* _Collected data_

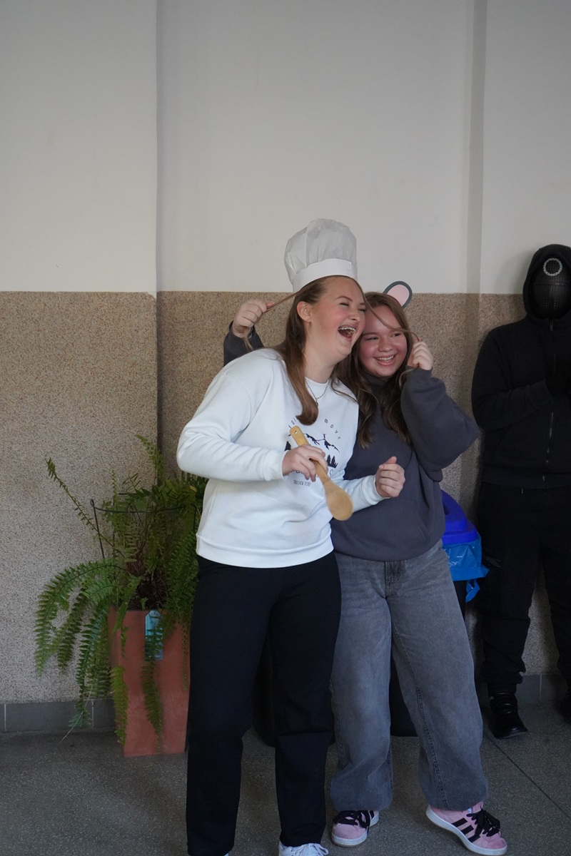 W miniony piątek, 31. 10. 2025 r. szkolne korytarze wyglądały jak plan filmowy – superbohaterowie, gwiazdy muzyki, postacie z bajek i filmów… wszędzie kolor, energia i masa świetnych pomysłów!
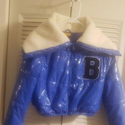 Glammy B varsity jacket in blue with a white sherpa-lined collar.
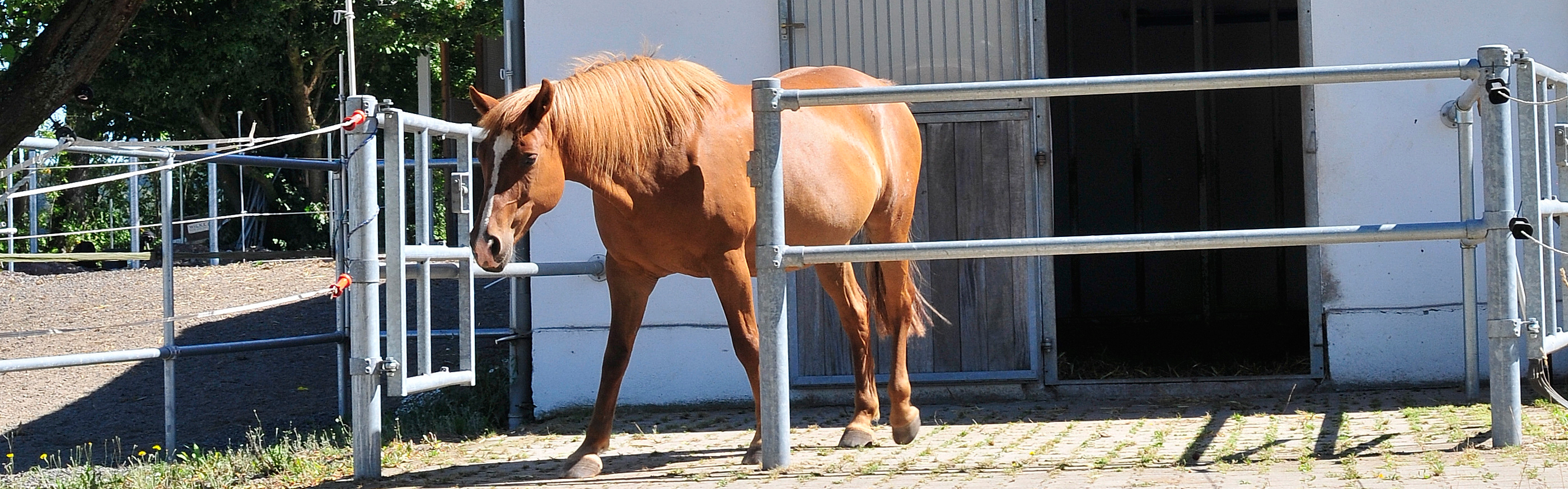 Alle Boxenpferde können im Winter täglich auf naheliegende Ausläufe gebracht werden, wo sie sich in Gesellschaft frei bewegen, wälzen und spielen können. Im Sommer stehen den Pferden rund um den Hof ausgiebige Weideflächen zur Verfügung. In Gruppen von 6 – 10 Pferden können sie dann auf großen Koppeln stundenweise oder 24/7 ihr Leben genießen und sich dem frischen Gras widmen. Jede dieser kleinen Herden erhält ein transportables Sonnen-/Wetterdach, ständig frisches Wasser und ca. alle 14 Tage eine neue, frische Weidefläche. Wir kontrollieren mehrmals täglich, ob die Tiere gesund und die Zäune in Ordnung sind.
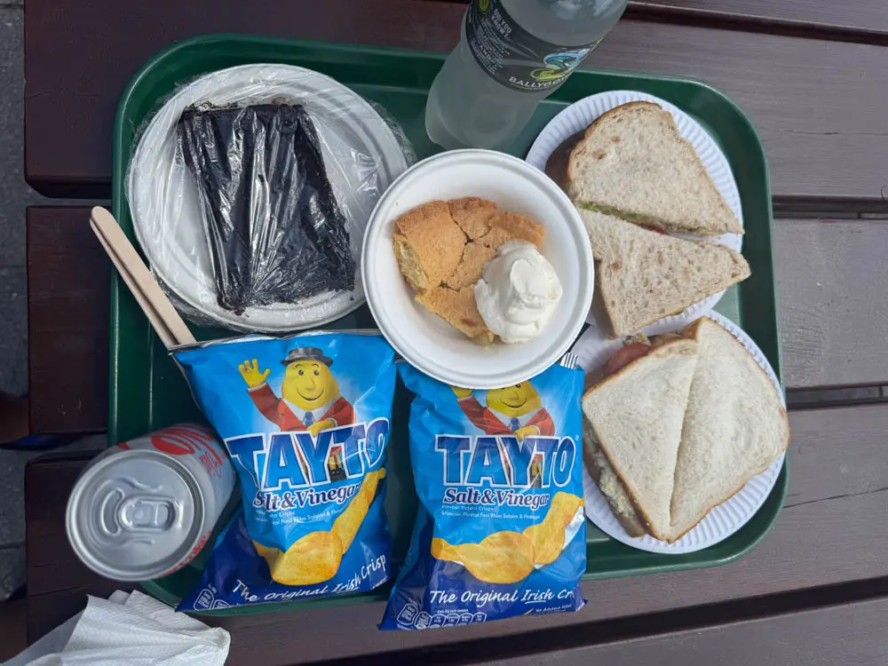 Un cottage sur place permet de prendre le déjeuner, large, choix de snack, sandwich ou autre gâteau à des prix corrects. C’est très bien organisé, et très touristique, mais plutôt plaisant.

* _Instructions to follow_
Write out the whole of the data exactly; the pictures stay out.

* _Answer to this problem_
 W miniony piątek, 31. 10. 2025 r. szkolne korytarze wyglądały jak plan filmowy – superbohaterowie, gwiazdy muzyki, postacie z bajek i filmów… wszędzie kolor, energia i masa świetnych pomysłów!
 Glammy B varsity jacket in blue with a white sherpa-lined collar.
 Alle Boxenpferde können im Winter täglich auf naheliegende Ausläufe gebracht werden, wo sie sich in Gesellschaft frei bewegen, wälzen und spielen können. Im Sommer stehen den Pferden rund um den Hof ausgiebige Weideflächen zur Verfügung. In Gruppen von 6 – 10 Pferden können sie dann auf großen Koppeln stundenweise oder 24/7 ihr Leben genießen und sich dem frischen Gras widmen. Jede dieser kleinen Herden erhält ein transportables Sonnen-/Wetterdach, ständig frisches Wasser und ca. alle 14 Tage eine neue, frische Weidefläche. Wir kontrollieren mehrmals täglich, ob die Tiere gesund und die Zäune in Ordnung sind.
 Un cottage sur place permet de prendre le déjeuner, large, choix de snack, sandwich ou autre gâteau à des prix corrects. C’est très bien organisé, et très touristique, mais plutôt plaisant.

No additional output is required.